Midnight Inspirations

Whew. What a long day. It isn't over yet, either. Wednesdays are my very full day. I enjoy them...but they sure are full. I babysit for Community Bible Studies in the morning. Then I dash home to grab lunch and toys for Luke to take to the sitters and run to the school to volunteer. Caden was so sweet today when I was volunteering. He loves having me come in. He kept giving me these great big hugs and sweet kisses. Sometimes it feels like a sacrifice to be there, but seeing his excitement at having me there makes it all worthwhile. Even Daria seemed to be a little pleased that I was there today. They sure made me feel good.

My wagon is draggin' a little today because God blessed me last night. I have been doing some skits on Sundays of October announcing our Trunk or Treat that is happening on Halloween. I always get a little panicky because I am "writing" these myself. We haven't had the greatest turn out of volunteers sign up this year....so I am getting even more panicky. Last night, as I was attempting to fall asleep....God gave me a great inspiration for the skit for this Sunday. I was so excited about it. I just kept praying: "God, please help me to remember this in the morning...please help me to remember."

Well....I finally couldn't stand it any more. I kept mulling it around in my head last night until not only was my mind in a knot.. so were my jammies from all that tossing and turning. So...up I hopped out of bed and ran to turn the light on. Tim thought for sure that I had lost my mind! So...there I sat...in the wee hours of the night (at least it wasn't morning!!!) scribbling away furiously. I am excited about this skit for Sunday...I hope that it really grabs people.

This leads me to another thought. I've actually been acting these skits. Can you believe that? I have always thought that it would be fun to act....though I am truly a weenie. Getting up in front of people makes me so nervous that I am sick to my stomach and my knees feel like Jell-o. I am truly pathetic. This year, I haven't noticed my nerves so much. I just fly up there and get my little skits done. The thing that really makes me roar is that the last two week, I have had 2 people say that I was "born to be an actress." Or something along those lines.
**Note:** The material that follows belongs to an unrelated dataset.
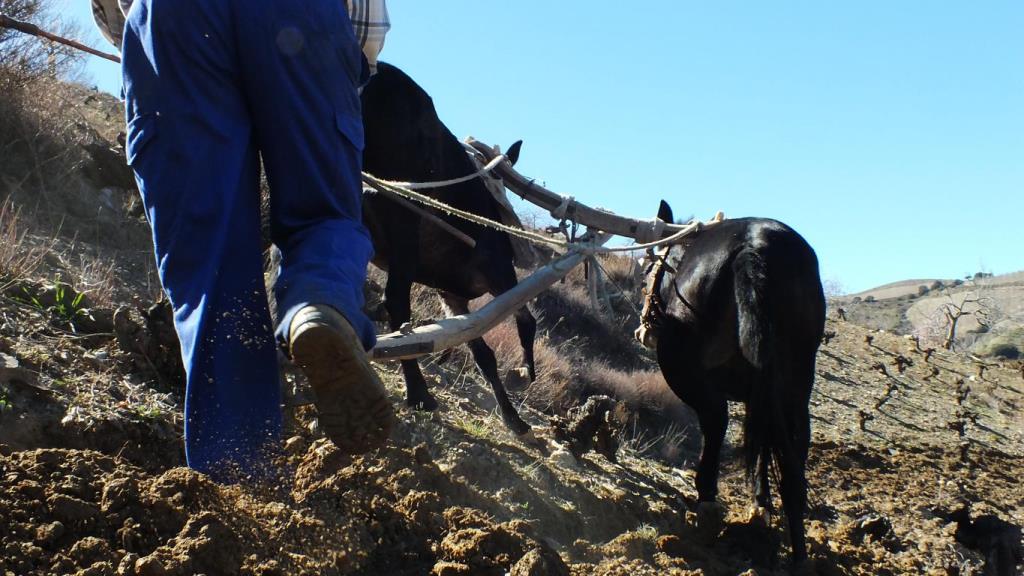 急勾配の畑は機械が使えず2頭のラバが活躍しており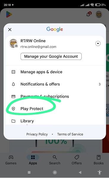- Perhatikan pada halaman Play Protect Setting ada 2 (dua) pilihan On/Off, silahkan geser ke mode OFF untuk pilihan bagian atas ( lihat lingkaran hijau pada gambar diatas).

That just makes me split a gut. If they only knew. I figure it must be all that Feminine Drama that I participated in during my teen years.

Well...I am off to take Daria to soccer....do First Grade homework in the cold wind...and listen to a four year old who is upset with giving away too-small clothes. Wish me luck!

1 comments:

Angie said...

Oh, how I'd loved to know you IRL! I think we'd just have a blast together...like Lucy and Ethel! ROFL!